Thus CIPRA seeks to advance the need to approach infrastructural provision, policy formulation and regulation in a more structured and strategic manner to ensure not only sustained availability of infrastructure, but also ensuring that public and private sector investment in this area is facilitated by a public policy and regulatory environment that is progressive and renders private investors enthusiastic about investing.

Ultimately the Centre seeks to improve the state of infrastructure in Africa, administration of infrastructure, governance of states, the level of engagement in the public policy process, and the way public utilities and resources are regulated through research, teaching and public events.

The Centre in supporting research, hopes to nurture faculty interests in broad areas of public policy, infrastructural provision and development, and business models that facilitate effective and efficient administration of infrastructure. The Centre offers a variety of communications open to students, academics and the public.

Focus of CIPRA

To facilitate the process of infrastructural provision by ensuring that greater understanding exists about:
Ways inadequate infrastructure services affect business and productivity of a nation or state
Options for providing and maintaining the delivery of various infrastructure services more effectively
Economic impact and potential cost savings from improved infrastructure services
How to attract investors to respond to the opportunities posed by deficient infrastructure
How to be successful with private sector provision of services as a viable alternative to public provision

CIPRA will also focus research and advisory services on:

What options exist in terms of investment, technology, pricing, institutions, regulation and financing?
Policy and regulatory changes that will guarantee the fuller use of public private partnerships for infrastructure services provision.
Consumer protection issues associated with the participation of the private sector in the supply of infrastructure related activities.
Pricing policies that are more efficient in the presence of congestion, system failures, and so on, especially when the services are provided by monopolies.


Miss Ayomide Oluwole

  • State of Infrastructure Report Power: (2013/2014)
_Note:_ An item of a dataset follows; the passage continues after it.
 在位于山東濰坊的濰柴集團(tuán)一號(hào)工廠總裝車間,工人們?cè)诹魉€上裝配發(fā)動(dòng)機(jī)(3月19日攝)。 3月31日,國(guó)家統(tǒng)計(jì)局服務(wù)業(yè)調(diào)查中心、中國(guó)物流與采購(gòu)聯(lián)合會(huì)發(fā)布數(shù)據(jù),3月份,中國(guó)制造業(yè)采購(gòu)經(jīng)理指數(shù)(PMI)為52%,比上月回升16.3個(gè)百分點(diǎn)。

    Electricity is literally the life-wire of the modern economic system, enabling technological growth, industrial production and human development. Several studies have linked electricity consumption to economic growth; higher consumption is associated with higher productivity and higher standard of living and vice versa.
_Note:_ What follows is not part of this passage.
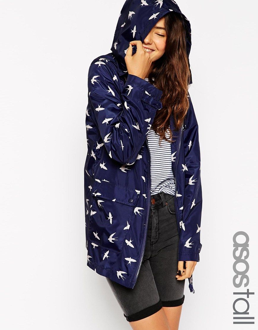 ASOS TALL - Ciré pliable imprimé hirondelle - Bleu marine

    Over the past three decades, Nigeria’s economy has been held hostage by chronic spate of poor and unstable electricity supply deriving from a mix of bottlenecks ranging from corruption, underinvestment, population expansion and inefficient technology. Poor and unstable electricity supply has not only led to deindustrialization – a rapid exit of firms from Nigeria occurring over the past three decades –but also severely penalizes productivity and imposes enormous costs, estimated to be around $13 to $26 billion annually, on the citizens. Adding the lost productivity resulting from absent electric power to the opportunity cost of the amount spent on substitute power sources, the cost simply escalates. This cost is well above the estimated annual investment requirement for bridging the infrastructure gap of $10 billion.
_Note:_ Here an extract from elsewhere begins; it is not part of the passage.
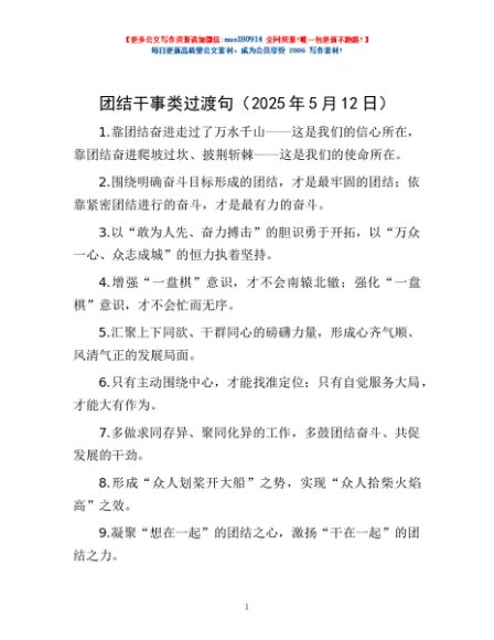 / 团结干事类过渡句(2025年5月12日)

    This State of Infrastructure Report on Power is CIPRA’s periodic report assessing the health of our critical infrastructure assets. This report has therefore, assessed the current state of the Nigerian Electricity Supply Industry (NESI) with a view to highlighting infrastructural deficits inherent in the system. In particular, the report examined the performance of the power sector reform process initiated by the government with a view to evaluating the progress made in such areas as the regulatory framework, privatization of the 17 PHCN successor companies and effective management of the Transmission Company of Nigeria (TCN). The response of international investing community to the efforts of the Nigerian government to attract Foreign Direct Investment into the sector also came under scrutiny. Based on deep industry and technical analysis, the report has come up with informed suggestions on robust and sustainable ways to improve on the power infrastructure.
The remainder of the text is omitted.